Luca Turin, o lendário crítico de perfumes, observou que “o luxo é uma coisa sem humor, em grande parte, e quando o humor acontece no luxo, acontece involuntariamente”. Ela sintetiza bem como a alta-costura e o mercado de luxo, muitas vezes focados em preservar uma aura de exclusividade, perfeição e riqueza intocável, acabam se tornando rígidos e solenes. Quando o humor surge de forma involuntária, geralmente é porque o exagero ou a tentativa de levar o status a limites extremos (ou até absurdos) bate à porta do ridículo.

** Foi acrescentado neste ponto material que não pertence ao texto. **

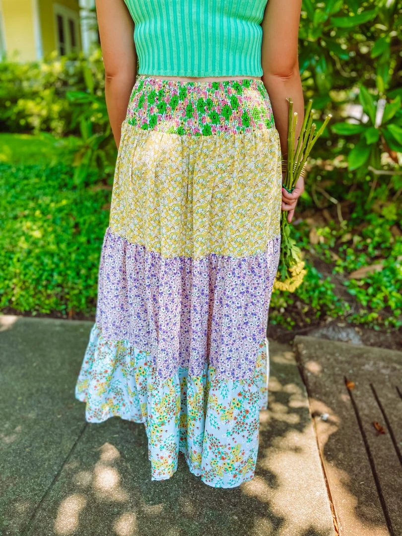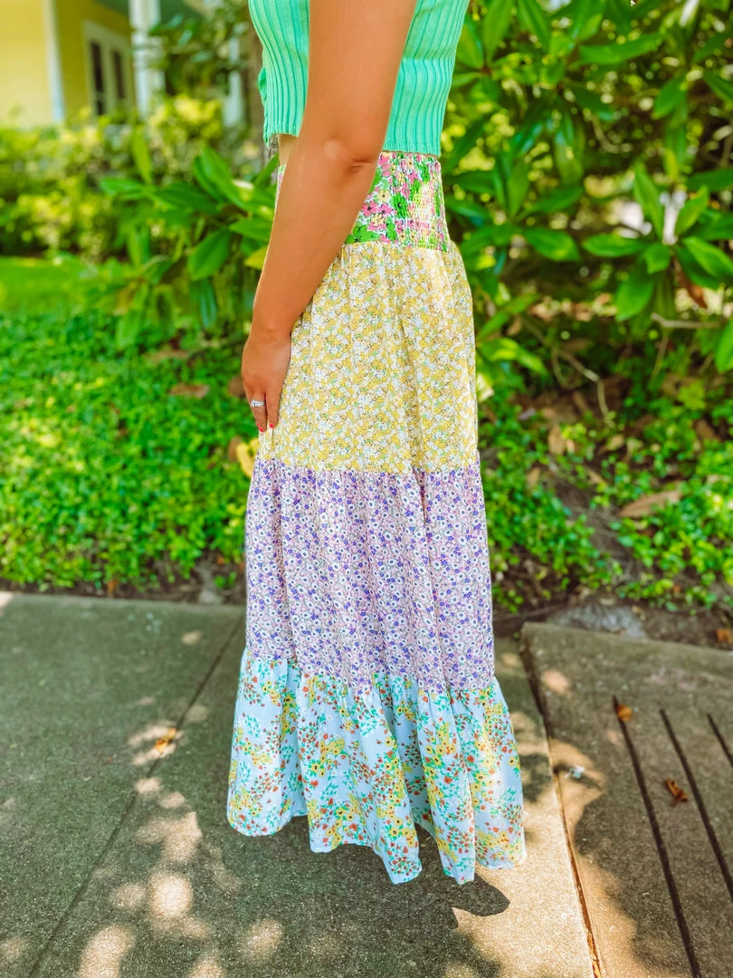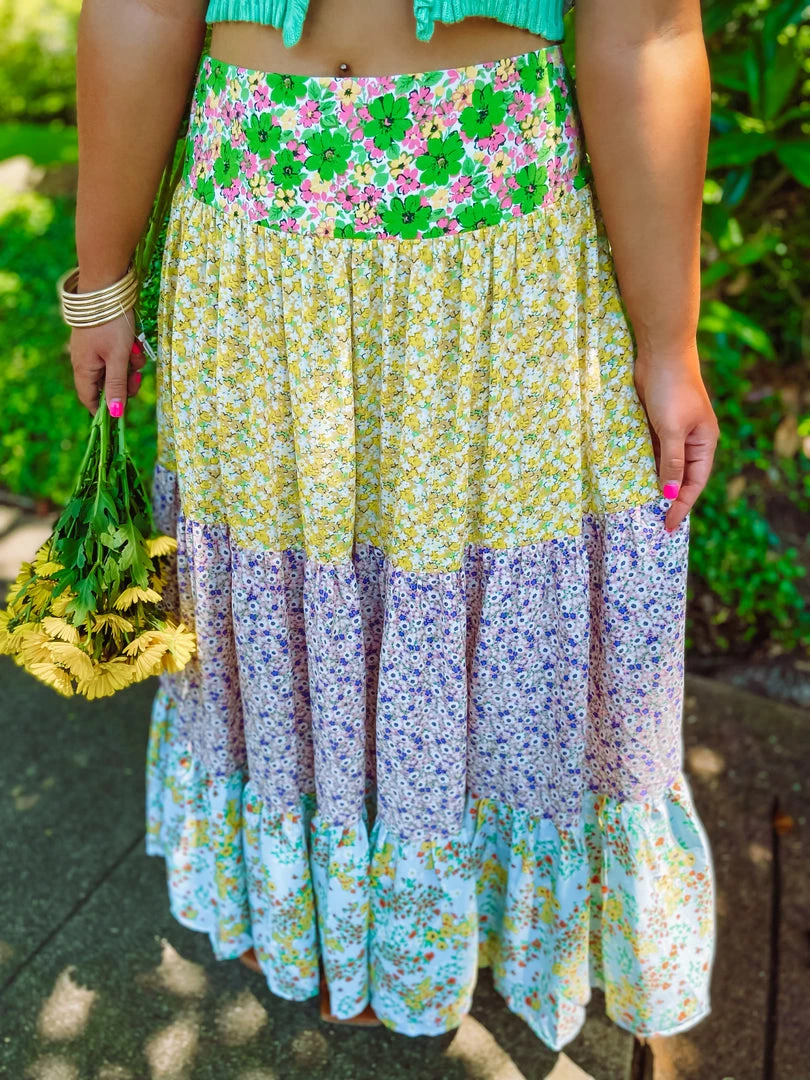 We can’t handle the cuteness with this one! The Pearl Skirt is giving summer style a whole new meaning! Showcasing a high waisted waist band with back smocking detail + floral color blocked design + tiered layout. This sweet, femme piece will brighten your day one fit at a time! Style it like Shelby and add the Tiara Top + Ramsey Sandals + the Faith Earrings.

No Evvai, templo da alta gastronomia paulistana, em meio a pratos meticulosamente montados, surgem cartões com personagens como Super Mario e Smurfs, numa tentativa de leveza que, de tão infantil e deslocada, apenas sublinha a artificialidade da “experiência”, transportando para os cartões uma “graça” que eu gostaria de ver na comida. Entrar em um triestrelado e ver Smurfs é o equivalente culinário de ir a uma ópera com inserções do Sérgio Mallandro.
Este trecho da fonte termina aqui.